More than two decades after organised retailing took off—Shoppers Stop opened its first store in 1991—most chains are struggling to make money. While the high rentals have all along been a drag on the bottom line, the top line has never grown fast enough to leave much of a surplus; this has been true almost across all formats. Which is why retailers from Spencer’s to Pantaloon have been closing down unprofitable stores for several years now. With consumer spends falling, they’re becoming even more cautious, understandably holding back on opening new outlets.

Going by the oversupply of space, mall developers, unfortunately, don’t seem to have anticipated the pace of the scaling back. The abundance of mall space suggests they misread the demand environment completely and nowhere is this overestimation more evident than in Pune where the average vacancy is hitting 27%, a shade lower than the 30% in Ahmedabad.

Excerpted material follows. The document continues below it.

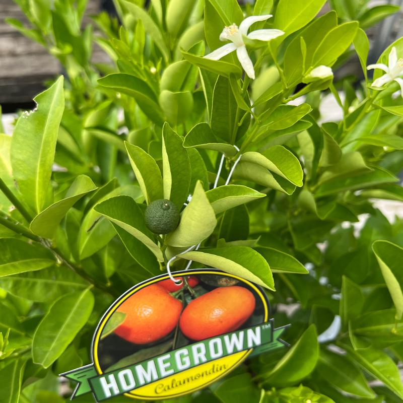 | Most often grown as beautiful ornaments, the Calamondin Orange Tree, sometimes known as Calamonsi or Miniature Orange, also produces edible fruit. It is a cross between mandarin orange and kumquat, originally from China. It has been grown in Florida since the early 1900s and has been a popular potted plant for decades. This fruit tree is also known for being used for bonsai. This is the perfect plant to accent your patio or sunroom—with the bonus of citrus fruit. Enjoy attractive green leaves, beautiful white blossoms, and orange-scented flowers. The Calamondin oranges are vibrant yellow oranges; the tree can produce fruit year-round. Potted Calamondin trees should be brought indoors during winter months. | |

The average actually masks the much higher 60%-80% vacancy levels in some of the city’s malls raising serious questions about the viability studies done by the developers; the 2,00,000 square feet Nucleus Mall in the Camp area—which saw its anchor tenant Shoppers Stop exit—is 60% empty while the Seasons Mall is half empty. Big brands like Tata’s Croma and Spencer’s have moved out of their respective malls and the Jewel Square Mall—housing brands like French Connection, Forever New and Mango—closed down late last year. What’s worrying is that the large investments made to build these—Seasons was built at a cost of R450 crore—are in jeopardy because even if the economy recovers these projects appear unviable given the extent of the oversupply. Which means bankers could be staring at some really big hits to their real estate loan portfolios.